I don't know that there's a straight Third Amendment claim that can fix this, though I laud them for the attempt. But we do need walls. We need to think about just where and how to build them. The government is always more dangerous to us than our enemies are. It has already all the power over us that they only dream of winning at the conclusion of a long and painful war.

It's not a "defeat" defeat

Mark Steyn on the extended spectacle of the prosecution of the Fort Hood shooter:
Major Hasan says he’s a soldier for the Taliban.  Maybe if the Pentagon were to reclassify the entire Afghan theater as an unusually prolonged outburst of “workplace violence,” we wouldn’t have to worry about obsolescent concepts such as “victory” and “defeat.”  The important thing is that the U.S. Army’s “workplace violence” is diverse.  After Major Hasan’s pre-post-traumatic workplace wobbly, General George W. Casey Jr., the Army’s chief of staff, was at pains to assure us that it could have been a whole lot worse:  “What happened at Fort Hood was a tragedy, but I believe it would be an even greater tragedy if our diversity becomes a casualty.”  And you can’t get much more diverse than letting your military personnel pick which side of the war they want to be on. 
* * * 
Unlike the Zimmerman trial, Major Hasan’s has not excited the attention of the media.  Yet it is far more symbolic of the state of America than the Trayvon Martin case, in which superannuated race hucksters attempted to impose a half-century-old moth-eaten Klan hood on a guy who’s a virtual one-man melting pot.  The response to Nidal Hasan helps explain why, in Afghanistan and elsewhere, this war is being lost — because it cannot be won because, increasingly, it cannot even be acknowledged.  Which helps explain why it now takes the U.S. military longer to prosecute a case of “workplace violence” than it did to win World War Two.

Rick Santorum on Art

Rick Santorum speaks on art and America.
Santorum quoted the ancient Greek philosopher Aristotle, reminding the audience that he once said, “Give me the storytellers and I will control the nation and a generation.”

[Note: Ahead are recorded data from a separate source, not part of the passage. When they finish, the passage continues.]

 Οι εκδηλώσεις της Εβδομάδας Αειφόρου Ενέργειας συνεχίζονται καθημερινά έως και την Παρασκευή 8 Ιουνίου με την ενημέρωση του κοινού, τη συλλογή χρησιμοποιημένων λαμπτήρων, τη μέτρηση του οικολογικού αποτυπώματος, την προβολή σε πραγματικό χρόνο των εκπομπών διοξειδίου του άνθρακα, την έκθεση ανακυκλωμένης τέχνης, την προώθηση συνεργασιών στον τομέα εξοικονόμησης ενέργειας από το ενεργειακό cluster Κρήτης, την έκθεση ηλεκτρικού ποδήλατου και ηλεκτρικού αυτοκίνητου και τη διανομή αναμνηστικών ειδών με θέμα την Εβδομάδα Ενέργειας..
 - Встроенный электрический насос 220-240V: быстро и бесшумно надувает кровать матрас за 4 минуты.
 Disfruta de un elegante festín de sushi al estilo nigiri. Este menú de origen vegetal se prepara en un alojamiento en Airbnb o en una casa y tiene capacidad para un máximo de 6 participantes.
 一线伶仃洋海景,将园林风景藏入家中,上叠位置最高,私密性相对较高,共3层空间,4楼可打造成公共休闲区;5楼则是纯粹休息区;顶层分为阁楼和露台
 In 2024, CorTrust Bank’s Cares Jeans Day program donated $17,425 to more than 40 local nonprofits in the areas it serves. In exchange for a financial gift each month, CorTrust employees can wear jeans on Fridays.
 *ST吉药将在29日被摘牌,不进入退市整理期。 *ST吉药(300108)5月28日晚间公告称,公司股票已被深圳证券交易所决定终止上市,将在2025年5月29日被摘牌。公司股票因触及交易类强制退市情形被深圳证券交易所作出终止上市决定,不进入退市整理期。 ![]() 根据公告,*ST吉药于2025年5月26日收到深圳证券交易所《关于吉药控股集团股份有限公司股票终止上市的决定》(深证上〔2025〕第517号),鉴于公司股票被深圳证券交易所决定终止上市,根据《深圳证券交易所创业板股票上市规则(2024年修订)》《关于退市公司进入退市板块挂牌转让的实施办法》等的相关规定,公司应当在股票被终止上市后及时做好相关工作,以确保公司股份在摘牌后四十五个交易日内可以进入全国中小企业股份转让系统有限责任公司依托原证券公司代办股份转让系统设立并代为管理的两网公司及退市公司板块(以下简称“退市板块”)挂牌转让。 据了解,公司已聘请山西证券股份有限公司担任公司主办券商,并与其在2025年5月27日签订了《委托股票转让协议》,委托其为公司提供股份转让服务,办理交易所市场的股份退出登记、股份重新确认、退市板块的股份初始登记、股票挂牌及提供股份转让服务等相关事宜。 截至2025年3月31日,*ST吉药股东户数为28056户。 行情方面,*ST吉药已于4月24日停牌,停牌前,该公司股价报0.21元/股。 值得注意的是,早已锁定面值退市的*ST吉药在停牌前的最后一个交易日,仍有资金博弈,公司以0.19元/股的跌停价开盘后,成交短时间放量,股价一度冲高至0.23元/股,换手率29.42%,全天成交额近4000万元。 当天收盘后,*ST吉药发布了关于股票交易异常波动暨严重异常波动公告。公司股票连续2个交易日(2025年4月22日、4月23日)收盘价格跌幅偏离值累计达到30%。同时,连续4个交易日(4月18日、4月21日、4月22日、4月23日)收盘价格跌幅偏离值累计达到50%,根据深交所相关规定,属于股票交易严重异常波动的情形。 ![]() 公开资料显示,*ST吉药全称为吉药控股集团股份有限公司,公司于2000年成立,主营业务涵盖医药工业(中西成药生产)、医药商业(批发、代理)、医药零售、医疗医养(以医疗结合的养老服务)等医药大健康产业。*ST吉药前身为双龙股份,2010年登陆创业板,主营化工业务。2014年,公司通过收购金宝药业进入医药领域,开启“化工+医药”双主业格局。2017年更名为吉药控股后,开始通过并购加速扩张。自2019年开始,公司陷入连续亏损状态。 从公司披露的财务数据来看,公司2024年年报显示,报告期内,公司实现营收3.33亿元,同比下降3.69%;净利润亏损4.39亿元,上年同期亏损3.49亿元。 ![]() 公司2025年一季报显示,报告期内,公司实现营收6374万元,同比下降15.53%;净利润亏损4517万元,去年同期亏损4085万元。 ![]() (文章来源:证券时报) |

“For us to sit here and think we’re going to win the country back politically when the culture continues to show your children when they watch that people like them are weird, people that hold your values are bigoted or hateful, it’s no wonder young people overwhelmingly are supporting the other side because they don’t know the truth,” Santorum said.

Santorum admitted that Christian-themed films and art were often times “inferior productions” even though they reflected traditional values.

As recently appointed CEO of EchoLight Studios, Santorum said his new mission was to go out and make “faith and family films” to affirm social values.

“I say to you: Can’t we make God beautiful?” he asked as the crowd applauded. “Why can’t we tell the truth the good and the beautiful in a way that’s compelling and entertaining and inspiring?”

Santorum said he would stay involved in politics but that true success would come from something outside of the political battle.
You've heard much the same thing here. He's quite right about it.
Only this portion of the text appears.